Collagen: Is it a viable solution?

The benefits of collagen for your skin and pain treatment are widely promoted. But what is it really? Is it all true? Let's take a look at the evidence.

Before ruling on the real effectiveness of collagen, it's worth noting that there is some controversy surrounding studies carried out on natural health products. Although most of them show efficacy, they have not necessarily been carried out according to rigid scientific protocols. For example, they are often financed by companies producing natural health products; they include an insufficient number of subjects in the studies, which means that the results are often unreliable. Also, the number of studies on this subject remains very limited. There may be collagen benefits, but you should take marketing claims with a grain of salt.

Product purity

Collagen is also found in large and sufficient quantities in your diet, so you don’t need supplements. It's important to remember that natural health products are not subject to the same rules as drugs. It is impossible to know exactly how pure the product is. The results that can be obtained from supplements are as variable as the ingredients found in different products.

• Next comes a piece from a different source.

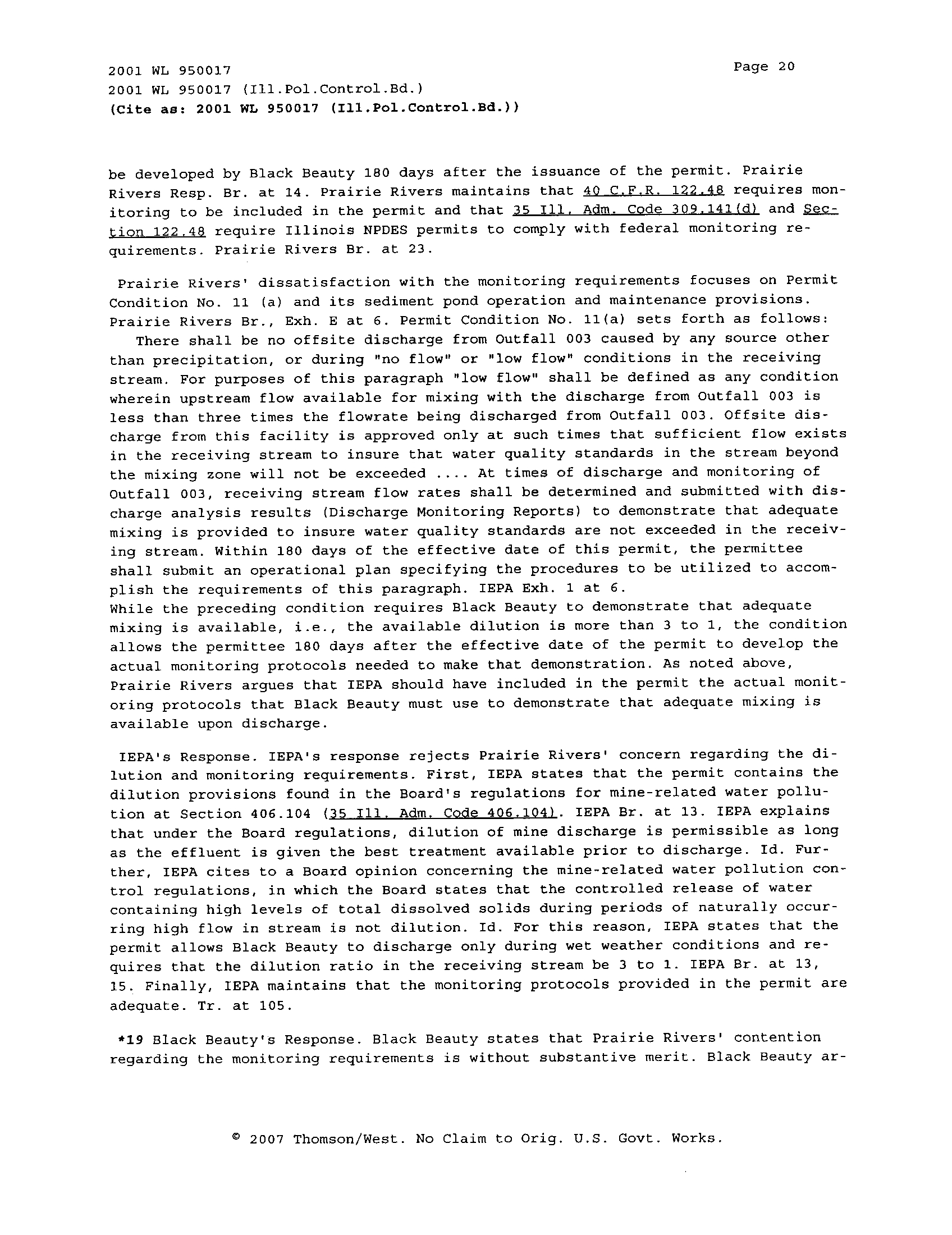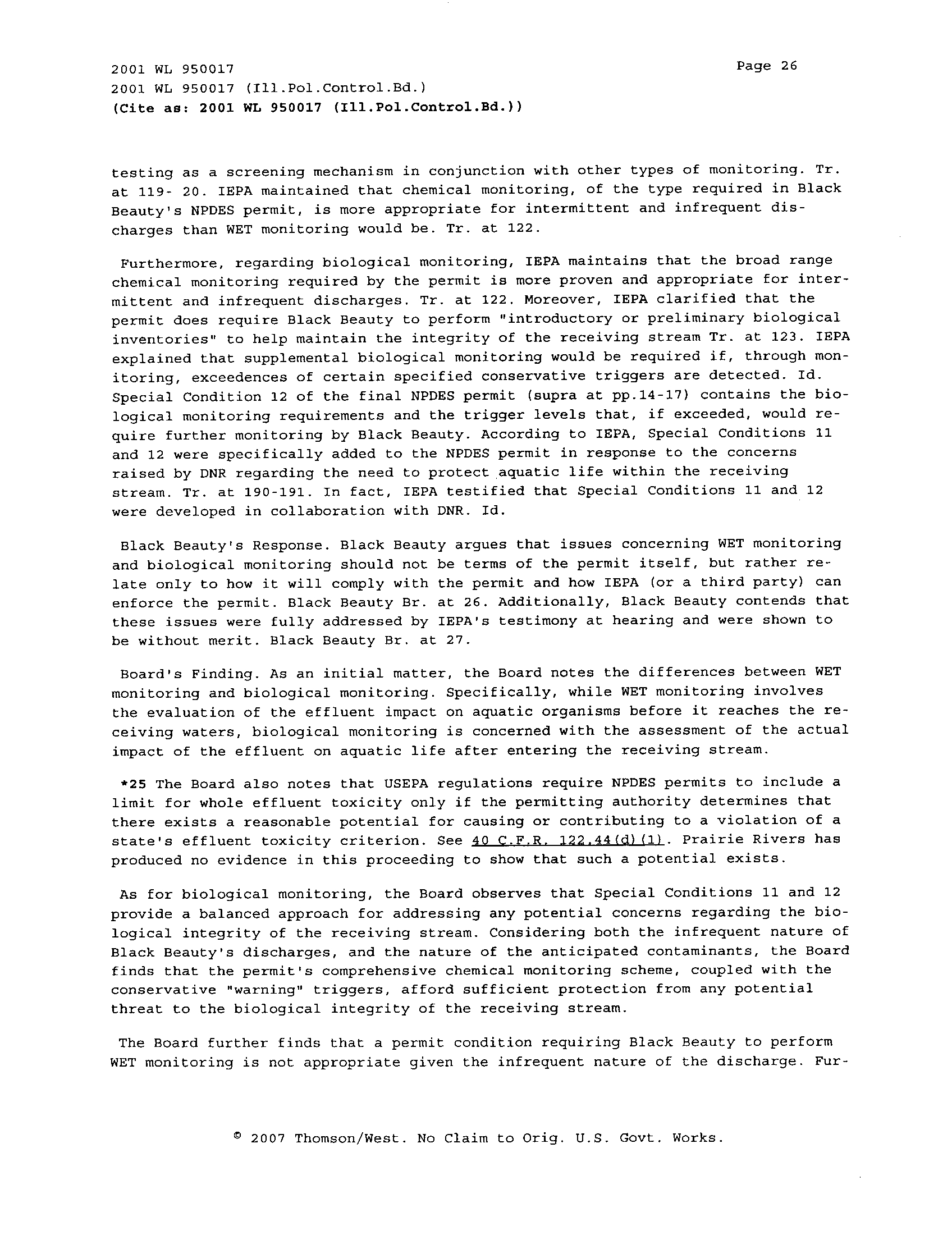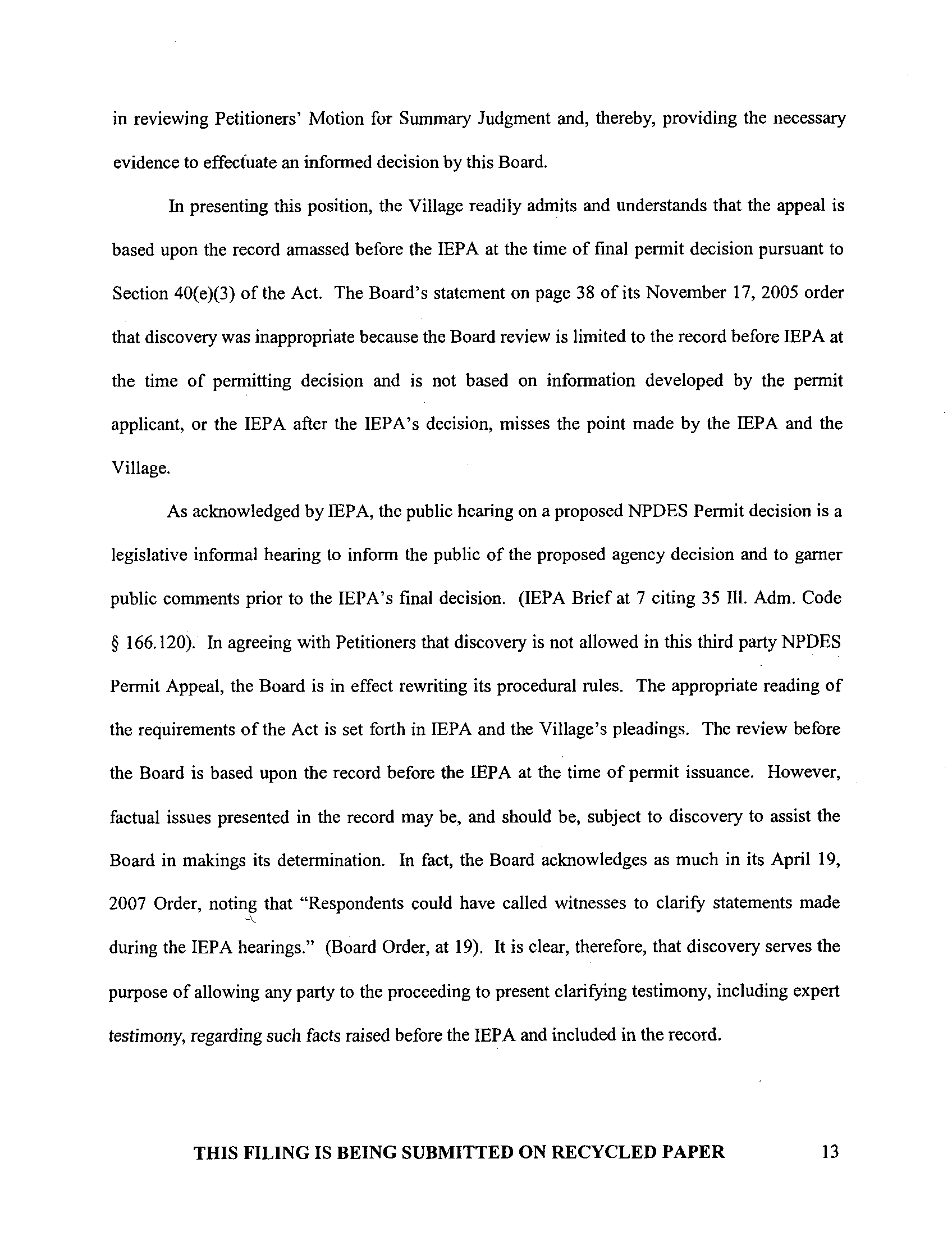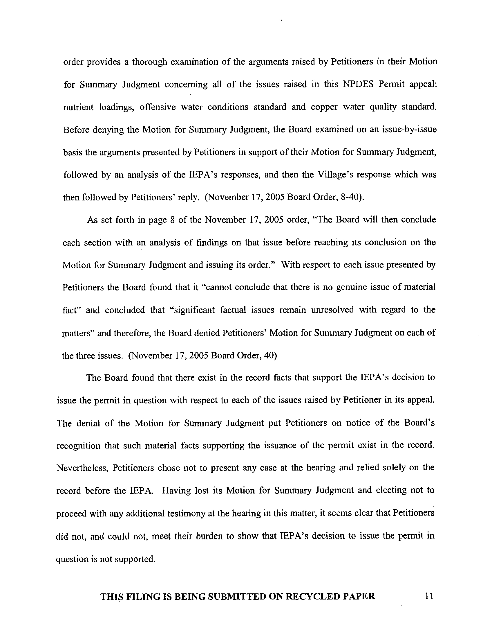 NPDES Permit as issued by IEPA on October 31, 2003, for the following reasons, and as set

Collagen is not the fountain of youth

Although the evidence for the effectiveness of collagen supplements is unclear, the fact remains that it may have some efficacy in some people for skin, nail, hair and joint health. It should be noted, however, that effects take time to appear and that collagen supplements are not the fountain of youth; their effects remain limited.

As with all natural products, it's important to talk to your healthcare professional before opting for a collagen supplement to ensure that the product is safe for your situation.